◆ **Task details**:
When you restate the data, keep every word as it is and drop the images.

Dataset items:
__________
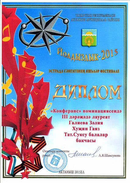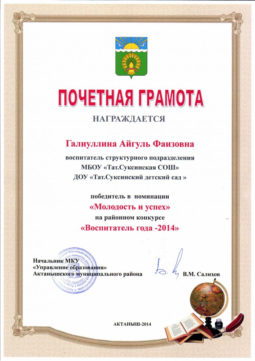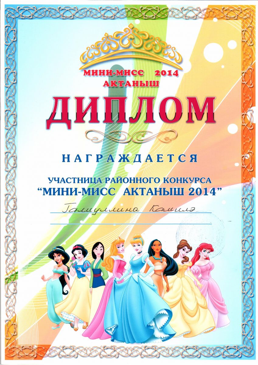 Диплом участницы районного конкурса "Мини-мисс Актаныш - 2014" Галиуллина Камилла
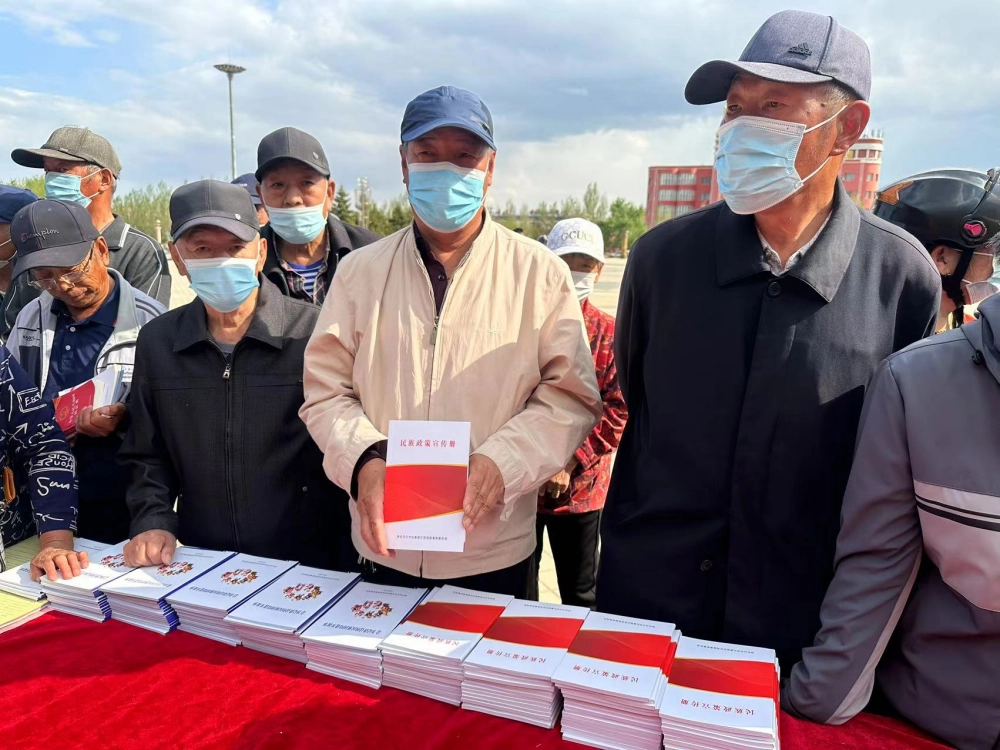 “铸牢中华民族共同体意识,全方位建设“模范自治区””主题活动,向居民群众发放《总书记讲过的民族团结进步故事》《民族政策宣传册》《民法典》等民族政策、法律法规宣传单,引导更多群众积极参与到民族理论政策的学习中来,不断铸牢中华民族共同体意识,使民族团结观念深植于心,积极营造共同团结奋斗,共同繁荣发展的良好社会氛围。
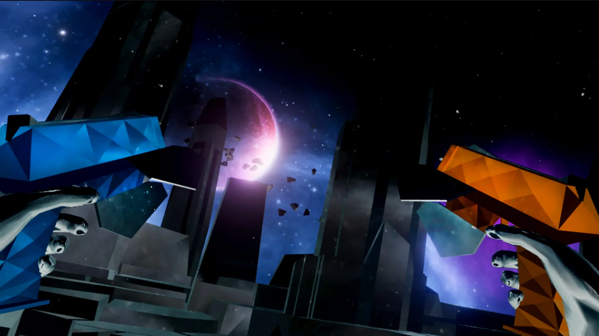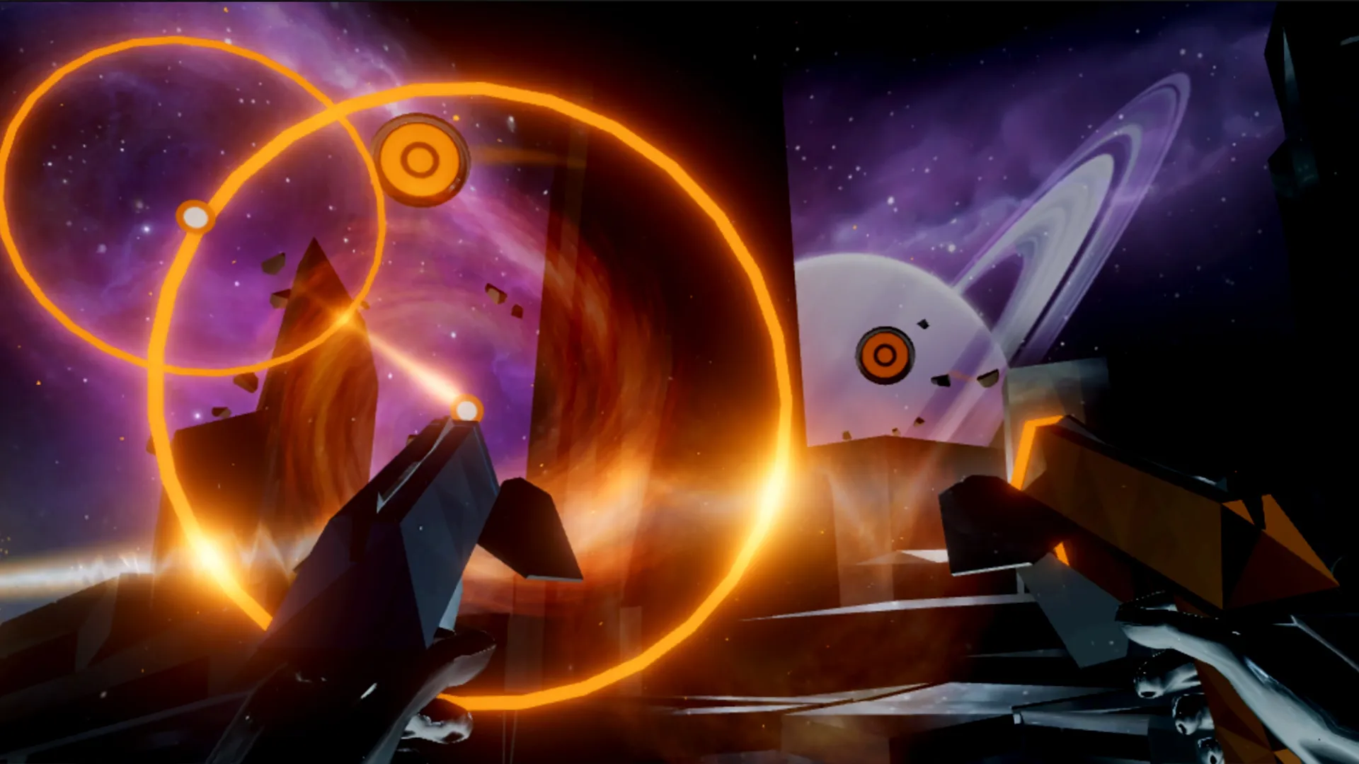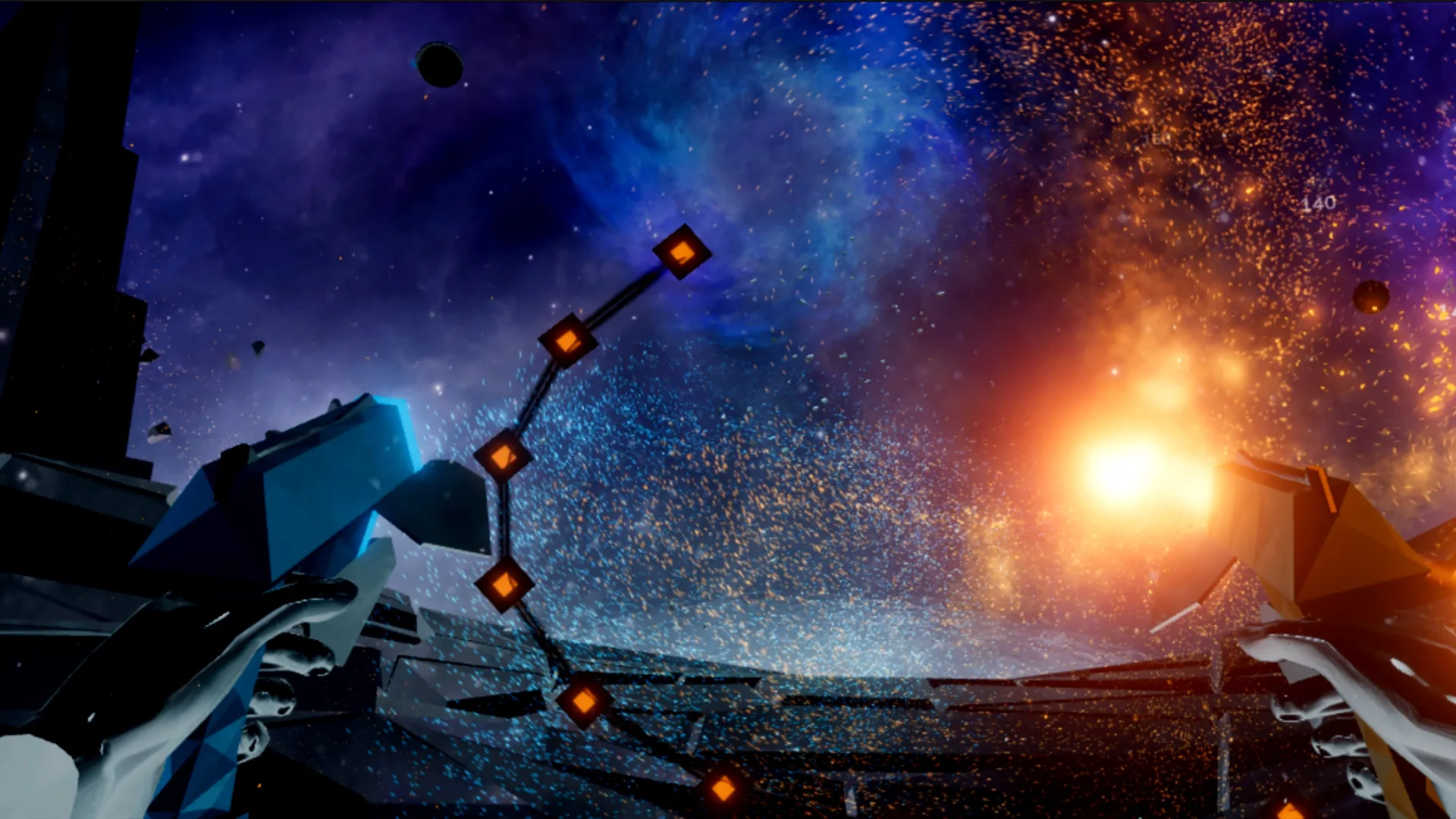 I had the chance to spend several hours shooting my way through the songs of Audica. My first impression reminded me of the sensation I had when I first picked up a Guitar Hero controller: “How has this game not already been made?” The precision shooting in VR is a fun experience in its own right, as different shots come rocketing in your direction. Blue and orange targets must be hit by the correct colored gun. Some targets demand you turn the gun on a side grip. Others require a sustained trigger pull, or holding the trigger and dragging the target shot in a wide sweeping curve, even as your other weapon is fending off a new swath of incoming projectiles. As the difficulty escalates, your field of vision fills, and you're forced to abandon singular ocular focus and rely, in part, on your peripheral vision. The beats come faster, you internalize the rhythm, and your mind drops into that pleasant trance that music game aficionados chase with such passion.
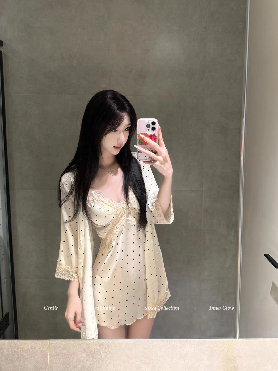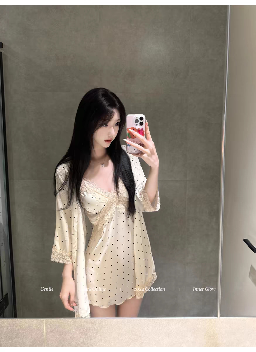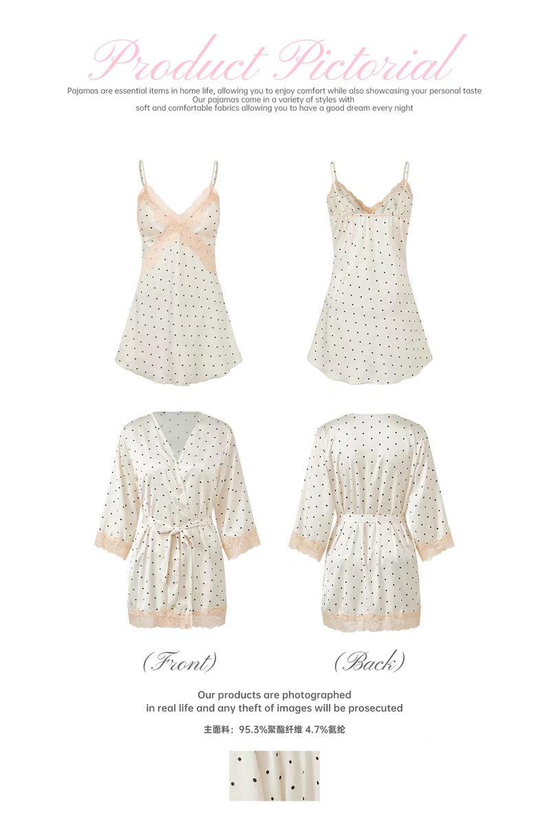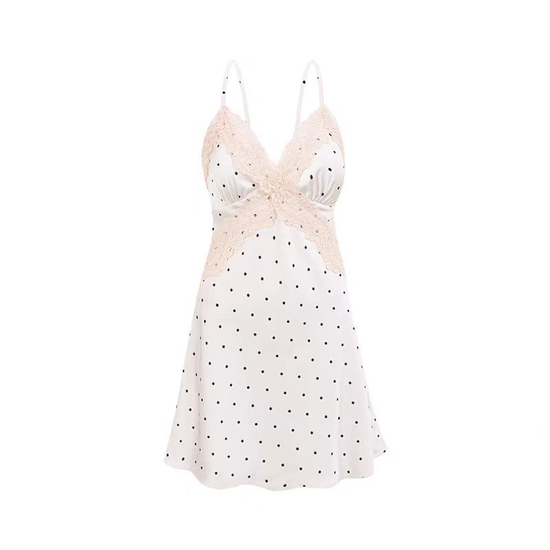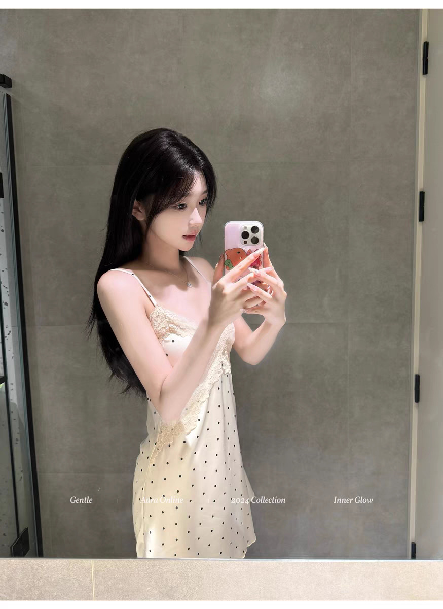 달콤한 인 스타일 여름 새 홈웨어 잠옷 목도리 투피스 세트 레이스 폴카 도트 서스펜더 잠옷 여성용스토어 가기
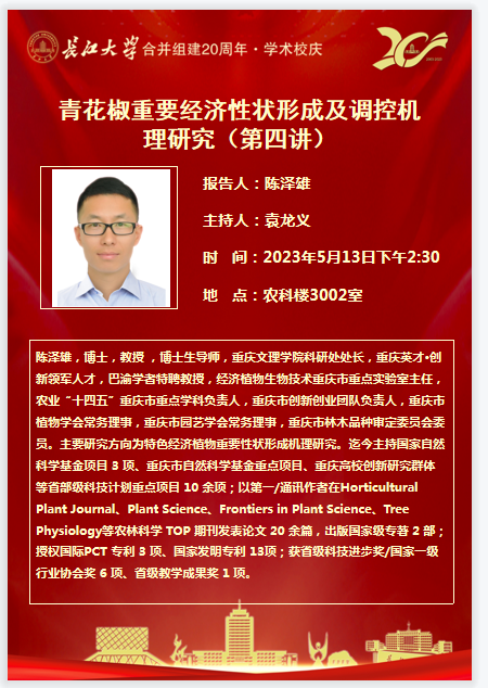 “长大20年”学术论坛暨园林讲坛(2023年第四讲):青花椒重要经济性状形成及调控机理研究
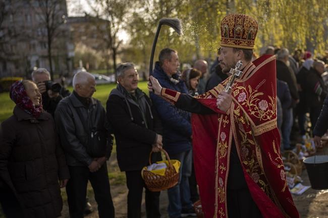 KYIV, Ukraine (AP) — The sun came out as Ukrainians marked Orthodox Easter in the capital, Kyiv, on Sunday with prayers for those fighting on the front lines and others trapped beyond them in places like Mariupol.
__________
◆ **Response area**:
 Диплом участницы районного конкурса "Мини-мисс Актаныш - 2014" Галиуллина Камилла
 “铸牢中华民族共同体意识,全方位建设“模范自治区””主题活动,向居民群众发放《总书记讲过的民族团结进步故事》《民族政策宣传册》《民法典》等民族政策、法律法规宣传单,引导更多群众积极参与到民族理论政策的学习中来,不断铸牢中华民族共同体意识,使民族团结观念深植于心,积极营造共同团结奋斗,共同繁荣发展的良好社会氛围。
 I had the chance to spend several hours shooting my way through the songs of Audica. My first impression reminded me of the sensation I had when I first picked up a Guitar Hero controller: “How has this game not already been made?” The precision shooting in VR is a fun experience in its own right, as different shots come rocketing in your direction. Blue and orange targets must be hit by the correct colored gun. Some targets demand you turn the gun on a side grip. Others require a sustained trigger pull, or holding the trigger and dragging the target shot in a wide sweeping curve, even as your other weapon is fending off a new swath of incoming projectiles. As the difficulty escalates, your field of vision fills, and you're forced to abandon singular ocular focus and rely, in part, on your peripheral vision. The beats come faster, you internalize the rhythm, and your mind drops into that pleasant trance that music game aficionados chase with such passion.
 달콤한 인 스타일 여름 새 홈웨어 잠옷 목도리 투피스 세트 레이스 폴카 도트 서스펜더 잠옷 여성용스토어 가기
 “长大20年”学术论坛暨园林讲坛(2023年第四讲):青花椒重要经济性状形成及调控机理研究
 KYIV, Ukraine (AP) — The sun came out as Ukrainians marked Orthodox Easter in the capital, Kyiv, on Sunday with prayers for those fighting on the front lines and others trapped beyond them in places like Mariupol.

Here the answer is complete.